Paranasal sinuses present great structural variations. Aplasia of the sphenoidal sinus is extremely rare. Frontal sinus aplasia is present unilaterally in 15% and bilaterally in 5% of normal adults. 13 Maxillary sinus aplasia is extremely rare, whereas maxillary sinus hypoplasia is a well-known clinical entity. 14 Maxillary sinus hypoplasia is reported in 1.7–10.4% of patients with sinonasal symptoms.15,16
To the best of our knowledge, this is the second case report of total paranasal sinus aplasia in the English language literature. 9
When we are dealing with paranasal sinus diseases we must consider paranasal sinus aplasia and hypoplasia for several reasons. First, the prevalence of frontal and sphenoidal sinus aplasia or hypoplasia have been shown to be higher in patients with cystic fibrosis or primary ciliary dyskinesia. 8 So, in a patient with paranasal sinus hypoplasia and aplasia, we should consider and exclude primary ciliary dyskinesia and cystic fibrosis. Second, paranasal sinus aplasia and hypoplasia may lead to misdiagnosis of infections or mass lesions. 17 These patients may be treated for months with the diagnosis of chronic sinusitis if we rely only on the routine x rays. Although plain paranasal sinus radiography has low sensitivity and specificity in the diagnosis of rhinosinusitis, it is frequently preferred because of its low cost and significantly lower radiation exposure dose. In suspicious cases, CT should be performed. Some limited studies, such as three-slice CT, digital tomosynthesis was proposed with acceptable accuracy and lower radiation dose. However, standard CT scan remains the gold standard in revealing anatomic details.18,19 CT reveals excellent detailed anatomy of the paranasal sinuses.20–23 Third, paranasal sinus aeration should be considered during endoscopic sinus surgeries to avoid possible complications and to perform appropriate surgeries. Fourth, evaluation of the complaints of the patients with paranasal sinus aplasia and hypoplasia may enlighten us on the functions of the paranasal sinuses. We think that chronic recurrent headache and jaw tiredness on chewing may be related to total paranasal sinus aplasia. Her headache history is compatible with a migrainous type. We think paranasal sinus aplasia decreased the threshold of pain occurrence. She was devoid of the functions of the paranasal sinuses such as skull lightening, thermal insulation for central nervous system, and sense organs. Therefore, any irritating factor such as cold air, chemical irritants, stress, and anxiety easily triggers the headache. Her second complaint, masseter tiredness on chewing, points out another function of the paranasal sinuses, which is dispersal of masticatory forces on chewing.
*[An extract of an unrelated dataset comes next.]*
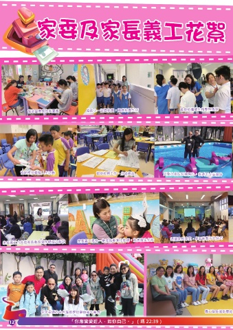 家委及家長義工花絮 協助圖書館包裝圖書 協助小一認識校園,適應校園生活 協助拍攝學生相整理儀容 協助推行模擬人生活動 協助校務工作,分發通告 只要小朋友玩得開心,家委不介意濕身 家長義工向其他家長教授製作饅頭之秘訣 家長義工搖身一變成為專業化妝師,為表演生化妝 透過家長學堂,學習管教子女技巧 各家委通力合作協助學校舉辦嘉年華會 義工組長協助聯絡 各義工出席服務 12 「你應當愛近人,如你自己。」(瑪 22:39)

The other total paranasal sinus aplasia patient reported by Celebi and friends had less specific complaints attributed to aplasia. 9 His major symptom was fullness of the face, which was also described by our patient. He did not have headache and masticatory problems. Fortunately, both patients were free of recurrent sinus infections.
Conclusion
Paranasal sinuses are subject to great structural variations. CT scan is the main tool to reveal the detailed structure of the paranasal sinuses. They may show great aeration differences ranging from normal to total aplasia. We have to be aware of any of these morphological alternatives to reach correct diagnoses and treatment of diseases. Patients with aplasia and hypoplasia may be evaluated to make clear the roles of the sinuses.